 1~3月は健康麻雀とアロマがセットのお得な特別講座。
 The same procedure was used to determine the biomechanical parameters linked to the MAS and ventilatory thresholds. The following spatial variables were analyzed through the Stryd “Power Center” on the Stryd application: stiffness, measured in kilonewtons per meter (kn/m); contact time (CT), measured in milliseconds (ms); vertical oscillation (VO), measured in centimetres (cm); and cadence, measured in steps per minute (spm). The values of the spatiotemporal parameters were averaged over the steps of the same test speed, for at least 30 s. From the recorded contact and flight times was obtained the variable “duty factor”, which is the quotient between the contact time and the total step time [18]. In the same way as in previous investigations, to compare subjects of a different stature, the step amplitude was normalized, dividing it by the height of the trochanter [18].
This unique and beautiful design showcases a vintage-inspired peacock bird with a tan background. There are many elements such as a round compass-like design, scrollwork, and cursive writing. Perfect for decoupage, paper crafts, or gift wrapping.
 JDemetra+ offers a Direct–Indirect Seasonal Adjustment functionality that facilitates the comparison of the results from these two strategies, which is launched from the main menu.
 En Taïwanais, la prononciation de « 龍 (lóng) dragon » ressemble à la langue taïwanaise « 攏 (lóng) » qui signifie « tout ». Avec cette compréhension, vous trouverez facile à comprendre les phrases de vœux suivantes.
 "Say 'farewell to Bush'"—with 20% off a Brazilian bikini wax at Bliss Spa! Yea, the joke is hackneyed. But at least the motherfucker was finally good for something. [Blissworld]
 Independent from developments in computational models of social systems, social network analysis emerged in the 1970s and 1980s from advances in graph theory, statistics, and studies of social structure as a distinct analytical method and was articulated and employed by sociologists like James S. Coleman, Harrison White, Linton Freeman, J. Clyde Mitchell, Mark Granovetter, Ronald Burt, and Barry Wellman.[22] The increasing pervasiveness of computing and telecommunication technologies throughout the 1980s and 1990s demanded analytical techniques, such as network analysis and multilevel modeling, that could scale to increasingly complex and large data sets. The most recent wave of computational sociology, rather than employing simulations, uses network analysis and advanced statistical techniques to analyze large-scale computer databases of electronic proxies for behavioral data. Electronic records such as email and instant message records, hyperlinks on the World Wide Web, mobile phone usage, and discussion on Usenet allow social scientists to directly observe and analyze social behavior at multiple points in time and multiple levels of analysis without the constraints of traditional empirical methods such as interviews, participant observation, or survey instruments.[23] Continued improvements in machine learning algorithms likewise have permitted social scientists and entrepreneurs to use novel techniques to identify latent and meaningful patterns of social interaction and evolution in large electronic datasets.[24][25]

⁂

## TASK BRIEF
Please make an exact copy of the lines above from the line with "This unique and" through the line with "for something. [Blissworld]", both ends included.

## TASK ANSWER
This unique and beautiful design showcases a vintage-inspired peacock bird with a tan background. There are many elements such as a round compass-like design, scrollwork, and cursive writing. Perfect for decoupage, paper crafts, or gift wrapping.
 JDemetra+ offers a Direct–Indirect Seasonal Adjustment functionality that facilitates the comparison of the results from these two strategies, which is launched from the main menu.
 En Taïwanais, la prononciation de « 龍 (lóng) dragon » ressemble à la langue taïwanaise « 攏 (lóng) » qui signifie « tout ». Avec cette compréhension, vous trouverez facile à comprendre les phrases de vœux suivantes.
 "Say 'farewell to Bush'"—with 20% off a Brazilian bikini wax at Bliss Spa! Yea, the joke is hackneyed. But at least the motherfucker was finally good for something. [Blissworld]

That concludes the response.